The emotional argument of a cutting-free world will always go over the heads of overseas cultures that pride themselves in being unsentimental. It also comes across (unintentionally) as neo-imperialism. Nothing is more likely to disturb relations between nations than this beauty. Kenya witnessed this first-hand during the 19th century, seeing an uptick in cutting following a ban introduced by British rulers. What country would giddily throw away its self-determination? Owing my ancestry to a part of the Commonwealth, my feminism grapples with my conviction in a country’s right to sovereignty. Does a nation’s freedom matter as much as an individual woman’s? I doubt this oversight is deliberate. But facing up to this unfamiliar concept is an uncomfortable but much-needed next step. Any dialogue between two communities at odds with each other needs thorough and mutual understanding. Placing more weight on the practical benefits of giving up F.G.M. has been proven in some African countries to be most effective. The advantage of maternal and neo-natal health, ironically one major goal of F.G.M in the first place, emerges paramount. Besides, this ‘pain = toughening’ narrative needs far more than just an anti-misogyny angle to be overcome. Many other rituals native to Africa are performed to test mental toughness, including tribal marking, male circumcision, branding and breast-ironing. Will they too experience similar intervention from overseas?
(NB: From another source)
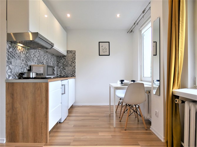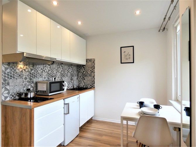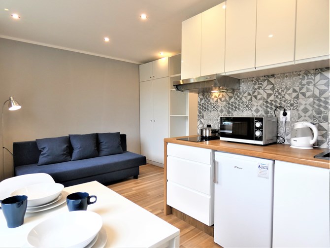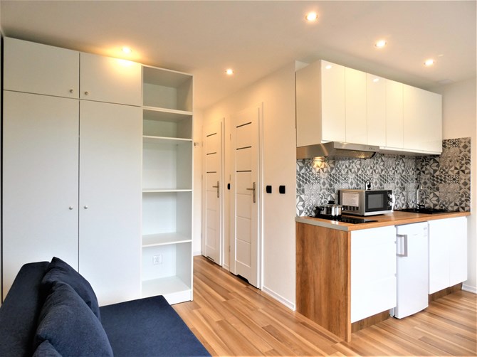 Do wynajęcia komfortowo wyposażona kawalerka o powierzchni 18 m² przy ul. Pilotów 26 w dzielnicy Olsza.

That video follows another custom that anti-F.G.M. propaganda is guilty of — a short-sightedly, man-versus-woman standpoint. They put off many practitioners and supporters of this rite by sketching a crude picture that reduces them to villainous caricatures. This tradition has more than just patriarchy to thank for being so widespread. It has been lent helping hands by a heady mix of economics, religion and geography. Each begs a very different response, not least because they shape gender norms everywhere.
I am grateful that more people are enlightened about this issue from a broader and fairer perspective. Diversity’s main benefit is exposing us to the truths of others and being enriched by them. Sometimes that mean being humble enough to set aside our own.